Bölge Adliye Mahkemesi kararı davalı ... vekili tarafından temyiz edilmekle; kesinlik, süre, temyiz şartı ve diğer usûl eksiklikleri yönünden yapılan ön inceleme sonucunda, temyiz dilekçesinin kabulüne karar verildikten ve Tetkik Hâkimi tarafından hazırlanan rapor dinlendikten sonra dosyadaki belgeler incelenip gereği düşünüldü:
I. DAVA
Davacılar vekili dava dilekçesinde özetle; dava konusu Samsun ili, Tekkeköy ilçesi, ... Mahallesi 1382 ada 141 parsel sayılı taşınmazın tapusunun Orman Genel Müdürlüğü tarafından açılan dava sonucunda iptal edilerek orman vasfı ile Hazine adına tesciline karar verildiğini, mahkeme kararının 03.10.2019 tarihinde kesinleştiğini, uğramış olduğu zararın mahkeme kararının kesinleştiği tarihten itibaren işleyecek yasal faizi ile birlikte davalı Hazineden tahsiline karar verilmesini talep etmiştir.
II. CEVAP
Davalı ... vekili cevap dilekçesinde; açılan davanın asıl talepler bakımından zamanaşımına uğradığını, müvekkil idare açısından davanın reddi gerektiğini, müvekkil idare açısından husumet yokluğu nedeniyle davanın reddini, aksi halde esastan reddini, yargılama giderleri ile vekâlet ücretinin davacı tarafa yüklenilmesini talep etmiştir.

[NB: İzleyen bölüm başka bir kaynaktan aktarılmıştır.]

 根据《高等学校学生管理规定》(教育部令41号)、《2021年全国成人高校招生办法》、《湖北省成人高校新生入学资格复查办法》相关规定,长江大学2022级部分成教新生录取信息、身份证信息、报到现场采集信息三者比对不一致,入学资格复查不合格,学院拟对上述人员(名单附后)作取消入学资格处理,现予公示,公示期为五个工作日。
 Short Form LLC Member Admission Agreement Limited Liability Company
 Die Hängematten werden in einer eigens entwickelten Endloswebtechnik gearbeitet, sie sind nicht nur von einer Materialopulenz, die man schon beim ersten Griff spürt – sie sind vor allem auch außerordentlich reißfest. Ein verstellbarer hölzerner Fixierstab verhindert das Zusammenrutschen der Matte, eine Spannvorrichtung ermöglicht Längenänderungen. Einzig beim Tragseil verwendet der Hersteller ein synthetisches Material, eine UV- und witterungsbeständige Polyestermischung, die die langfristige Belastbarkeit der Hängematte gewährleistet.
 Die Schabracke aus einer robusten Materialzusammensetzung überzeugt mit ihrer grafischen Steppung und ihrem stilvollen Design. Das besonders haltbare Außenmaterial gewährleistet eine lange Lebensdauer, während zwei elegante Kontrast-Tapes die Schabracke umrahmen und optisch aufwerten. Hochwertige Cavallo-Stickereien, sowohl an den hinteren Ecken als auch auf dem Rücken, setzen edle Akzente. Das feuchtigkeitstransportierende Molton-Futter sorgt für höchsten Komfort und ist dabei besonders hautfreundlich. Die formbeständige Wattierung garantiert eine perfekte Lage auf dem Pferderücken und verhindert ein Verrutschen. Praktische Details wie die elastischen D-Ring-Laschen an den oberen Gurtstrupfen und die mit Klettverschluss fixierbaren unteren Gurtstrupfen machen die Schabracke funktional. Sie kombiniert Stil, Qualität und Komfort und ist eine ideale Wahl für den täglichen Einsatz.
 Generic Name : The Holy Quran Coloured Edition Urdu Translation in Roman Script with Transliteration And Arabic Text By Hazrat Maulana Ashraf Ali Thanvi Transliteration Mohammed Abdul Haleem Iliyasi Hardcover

III. İLK DERECE MAHKEMESİ KARARI
İlk Derece Mahkemesinin yukarıda tarih ve sayısı belirtilen kararı ile davanın kabulüne taşınmaz bedelinin tapu iptal ve tescil kararının kesinleştiği tarihinden itibaren işleyecek yasal faizi ile birlikte davalıdan tahsili ile davacıya ödenmesine karar verilmiştir.
IV. İSTİNAF
A. İstinaf Yoluna Başvuranlar
İlk Derece Mahkemesinin yukarıda belirtilen kararına karşı süresi içinde davalı ... vekili istinaf başvurusunda bulunmuştur.
B. İstinaf Sebepleri
Davalı ... vekili istinaf dilekçesinde özetle; davanın süresinde açılmadığını davalı idarenin husumet ehliyeti olmadığını, orman vasfında olduğu için taşınmazın özel mülkiyete konu olamayacağını, zararla tazminat miktarı arasında illiyet bağı bulunmadığını, faizin dava tarihinden itibaren işletilmesi gerektiğini ve böyle bir davanın belirsiz alacak davası olarak açılamayacağını ileri sürerek İlk Derece Mahkemesi kararının kaldırılması istemi ile istinaf yoluna başvurmuştur.
C. Gerekçe ve Sonuç
Bölge Adliye Mahkemesinin yukarıda tarih ve sayısı belirtilen kararı ile dava konusu taşınmazın arsa niteliğinde olduğu kabul edilerek, emsal karşılaştırılması yoluyla değerinin tespit edilmesinin ve tespit edilen bedelin değerlendirme tarihinden itibaren işleyecek yasal faizi ile birlikte davalı Hazineden tahsiline karar verilmesinin doğru olduğunu, bu hususta davalı ... vekilinin istinaf sebebi olarak ileri sürdüğü hususların yerinde görülmediğini, böylece mahkeme kararının usul ve esas yönünden hukuka uygun olduğu anlaşıldığından davalı ... vekilinin istinaf başvurusunun esastan reddine karar verilmiştir.
V. TEMYİZ
A. Temyiz Yoluna Başvuranlar
Bölge Adliye Mahkemesinin yukarıda belirtilen kararına karşı süresi içinde davalı ... vekili temyiz isteminde bulunmuştur.
B. Temyiz Sebepleri
Davalı ... vekili temyiz dilekçesinde; zamanaşımının geçtiğini, davalı Hazineye husumet yöneltilemeyeceğini, tazminat hakkının bulunmadığını, dava konusu taşınmaz tarım arazisi niteliğinde olduğu hâlde arsa vasfında kabul edildiğini ve arsa vasfında yapılan değerlendirmenin Yargıtay içtihatlarına uygun yapılmadığını, davanın bir yıllık dava süresi geçtikten sonra açıldığını, tespit edilen tazminatın fahiş olduğunu, tapu iptal ve tescil kararının kesinleştiği tarihten itibaren tespit edilen tazminata faiz yürütülmesinin haksız ve yersiz olduğunu, ıslah edilen kısma ıslah tarihinden itibaren faiz işletilmesi gerektiğini ileri sürerek temyiz yoluna başvurmuştur.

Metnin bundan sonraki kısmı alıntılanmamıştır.